In the cab, I inspected the digital images a little more thoroughly in my camera’s display window and started to think that maybe this wasn’t the same document that I already had, but we arrived back at the convention center and I put that thought on the back-burner and enjoyed the rest of WorldCon.
Once I got home, I pulled the image up on my computer and had a better look. Different document. The registration de Camp mentioned was indeed filed on January 8, 1910—but in Atascosa County, not Bexar—and Dr. Howard’s address is listed as Poteet. This document was filed on November 20, 1909, in Bexar County, and Dr. Howard’s address (after crossing out what would have been Holly Springs, in Arkansas) is listed as San Antonio! Plus, at the end of the page is a list of other counties in which Dr. Howard had registered: Palo Pinto (Oran), Gaines (Seminole), and Coke (Bronte). Some of the information here flies in the face of what has been presented in the past. For example, according to notes by de Camp’s partner in DVD, Jane Griffith, Dr. Howard registered at Seminole on the day that the Bexar Co. document has him registering in Coke County—I’ll take a document over someone’s notes any day of the week.
Using this document, and a couple of newspaper articles I found just before going to San Antonio, I’ve put together a more precise timeline for December 1907 to January 1910. To wit:
On December 20, 1907, I. M. Howard of Oran, Palo Pinto County, had his medical certificate recorded with the county. Shortly after doing that, he packed up his wife and almost two-year-old son and headed west. The January 3, 1908 edition of The Enterprise (edited by Hester Howard’s brother, William Vinson Ervin, in Big Spring, Texas), has this:
“Monday” would have been Dec. 30, 1907, and don’t go scrambling for a map to look up “Cran” like I did; there is a Crane, Texas, very close to Big Spring, but as soon as I showed this to Patrice he said it is “of course Oran.” Duh.
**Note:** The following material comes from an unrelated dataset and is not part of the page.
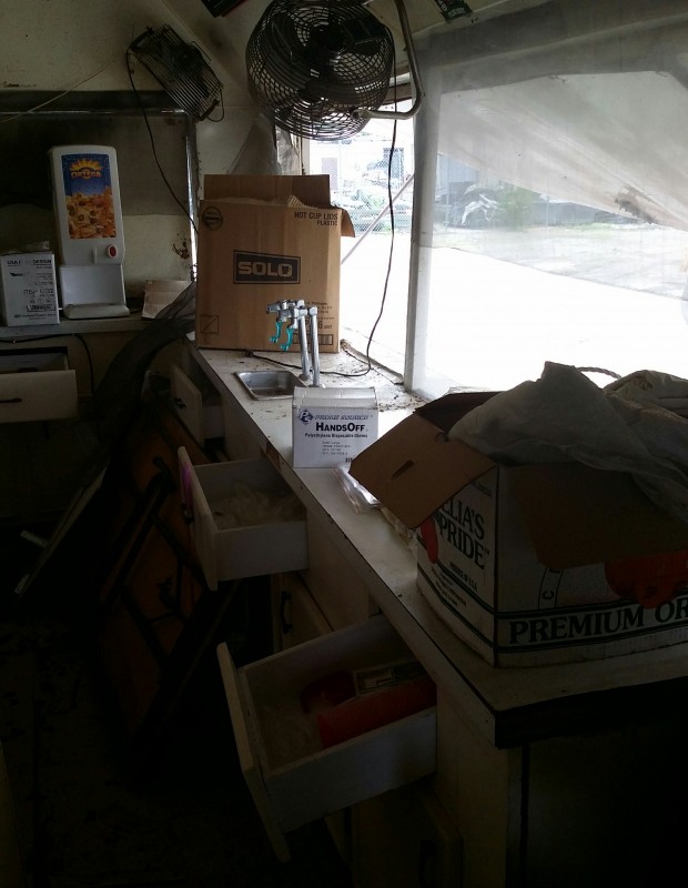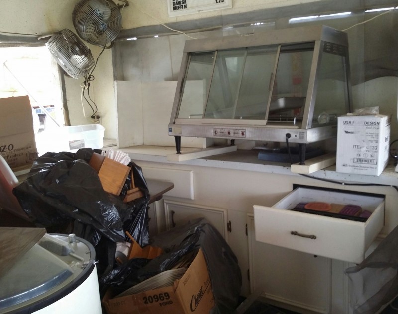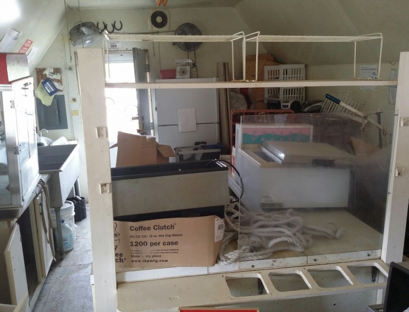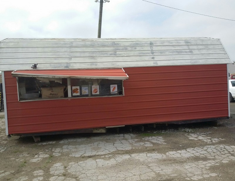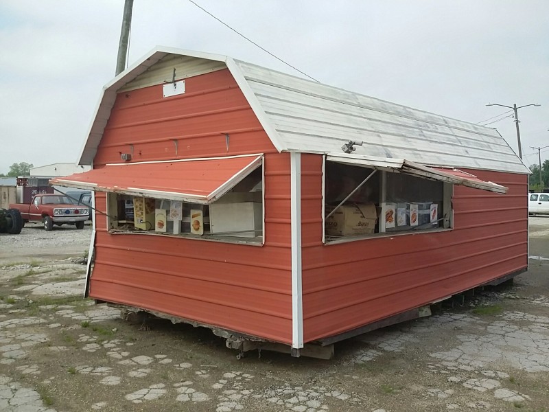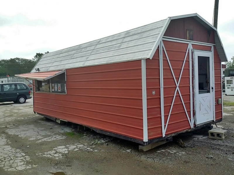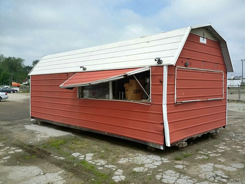 Description: 1 each Morgan shed model 1224AT3DASSN converted to a concession shed. All contents in the pictures are included with the auction. The shed will need some repair as you can see in the pictures. Know what you are bidding on, viewing of this auction is highly recommended. The winning bidder will need to remove the shed along with its contents. Nothing will be allowed to be left behind.

The January 24 Enterprise has an update:
The new San Antonio registration has Dr. Howard registering in Gaines Co. on February 3, and we know from a death record that he was there until at least July 24. The same document has him registering over in Coke County on September 14, 1908, and he starts recording births in Bronte at least as early as January 19, 1909. The last birth record I’ve found there with Dr. Howard attending was recorded on August 24, 1909.
I’ve theorized that after leaving Bronte the Howards visited the McClungs in Crystal City and went down the Nueces in the fall of 1909 (look here). Whether they did that then or not, we now know that they were in San Antonio sometime before November 20, 1909. Less than two months later, Dr. Howard registered in Atascosa County, with an address in Poteet. From there, things get pretty sketchy again.
I never did get a picture of the Atascosa County registration.